## What is needed
Skip the pictures, please, and write out exactly every line from the one containing "The In Wall" through the end of the listing below.

## Provided data
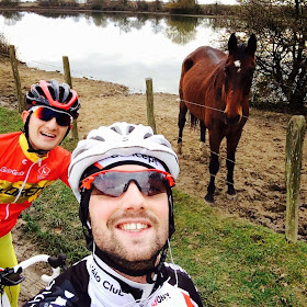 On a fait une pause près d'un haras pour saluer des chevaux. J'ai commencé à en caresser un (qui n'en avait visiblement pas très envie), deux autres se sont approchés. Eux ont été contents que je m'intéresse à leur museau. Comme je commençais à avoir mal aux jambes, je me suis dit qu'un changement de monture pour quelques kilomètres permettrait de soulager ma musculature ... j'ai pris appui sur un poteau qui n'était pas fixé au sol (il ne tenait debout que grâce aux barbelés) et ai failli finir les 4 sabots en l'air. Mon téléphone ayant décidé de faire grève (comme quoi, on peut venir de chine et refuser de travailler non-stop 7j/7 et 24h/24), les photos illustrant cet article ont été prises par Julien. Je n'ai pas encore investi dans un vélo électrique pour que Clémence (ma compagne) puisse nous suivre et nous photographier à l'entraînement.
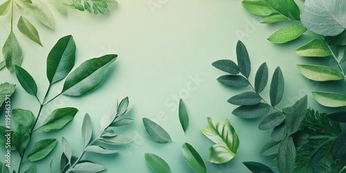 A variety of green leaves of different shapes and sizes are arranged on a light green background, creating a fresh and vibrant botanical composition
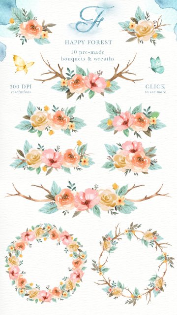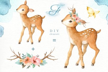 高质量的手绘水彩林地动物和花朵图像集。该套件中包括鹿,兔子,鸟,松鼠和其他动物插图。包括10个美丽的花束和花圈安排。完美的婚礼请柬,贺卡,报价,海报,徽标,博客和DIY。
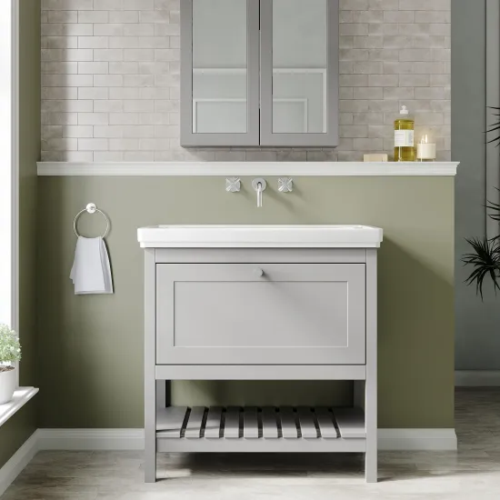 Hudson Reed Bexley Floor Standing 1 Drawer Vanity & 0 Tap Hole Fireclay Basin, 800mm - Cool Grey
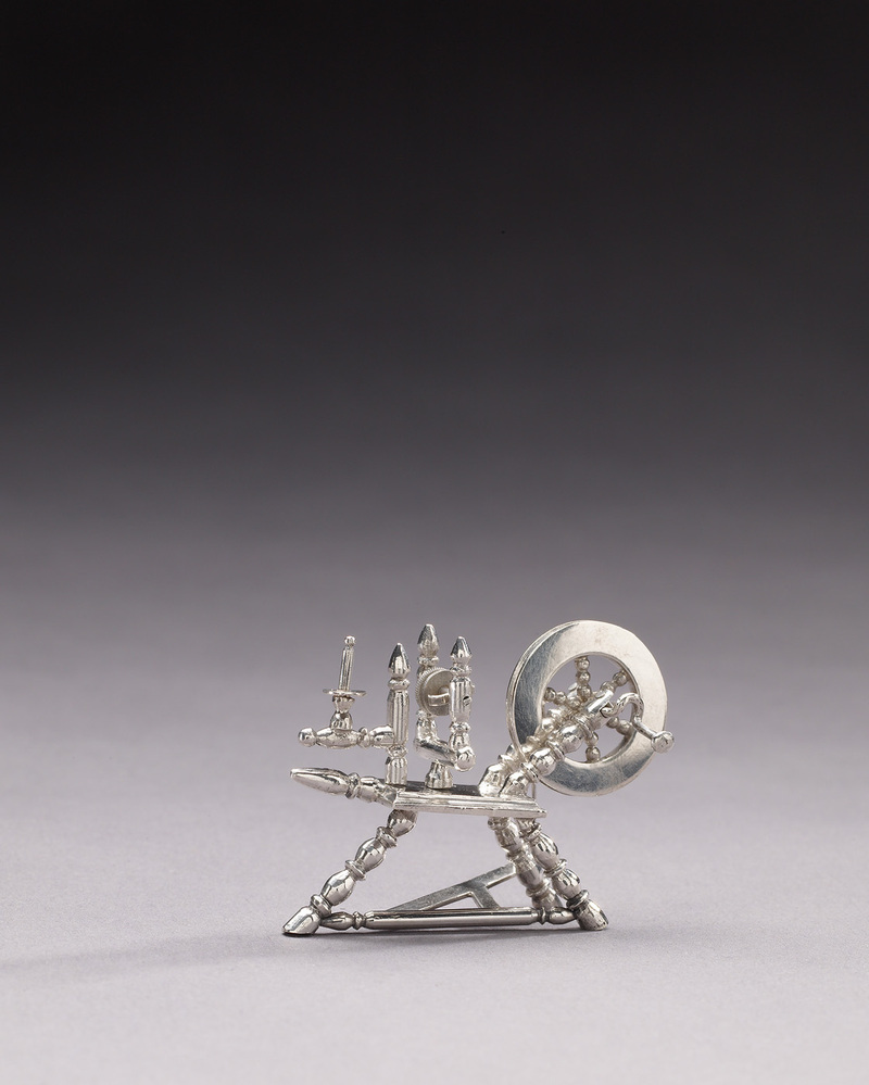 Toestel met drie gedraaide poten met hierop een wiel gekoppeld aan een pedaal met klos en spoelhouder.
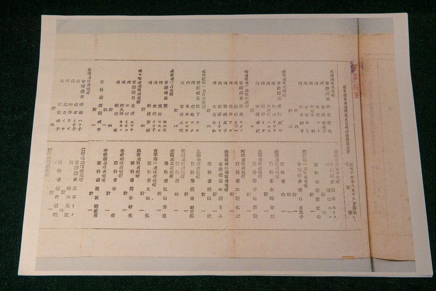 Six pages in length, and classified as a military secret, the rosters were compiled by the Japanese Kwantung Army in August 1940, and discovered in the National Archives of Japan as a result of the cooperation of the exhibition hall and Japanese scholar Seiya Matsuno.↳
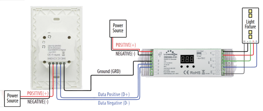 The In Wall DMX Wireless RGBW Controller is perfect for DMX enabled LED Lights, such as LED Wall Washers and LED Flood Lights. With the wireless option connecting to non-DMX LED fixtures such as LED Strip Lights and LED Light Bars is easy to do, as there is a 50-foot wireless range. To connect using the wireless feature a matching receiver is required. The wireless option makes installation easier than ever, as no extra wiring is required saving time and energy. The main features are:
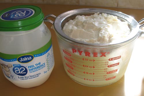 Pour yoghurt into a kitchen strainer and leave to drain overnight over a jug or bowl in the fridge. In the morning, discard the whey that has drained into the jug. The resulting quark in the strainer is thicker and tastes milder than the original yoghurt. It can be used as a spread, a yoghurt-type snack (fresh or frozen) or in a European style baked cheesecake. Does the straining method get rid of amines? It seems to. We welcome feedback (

## Answer to this exercise
 The In Wall DMX Wireless RGBW Controller is perfect for DMX enabled LED Lights, such as LED Wall Washers and LED Flood Lights. With the wireless option connecting to non-DMX LED fixtures such as LED Strip Lights and LED Light Bars is easy to do, as there is a 50-foot wireless range. To connect using the wireless feature a matching receiver is required. The wireless option makes installation easier than ever, as no extra wiring is required saving time and energy. The main features are:
 Pour yoghurt into a kitchen strainer and leave to drain overnight over a jug or bowl in the fridge. In the morning, discard the whey that has drained into the jug. The resulting quark in the strainer is thicker and tastes milder than the original yoghurt. It can be used as a spread, a yoghurt-type snack (fresh or frozen) or in a European style baked cheesecake. Does the straining method get rid of amines? It seems to. We welcome feedback (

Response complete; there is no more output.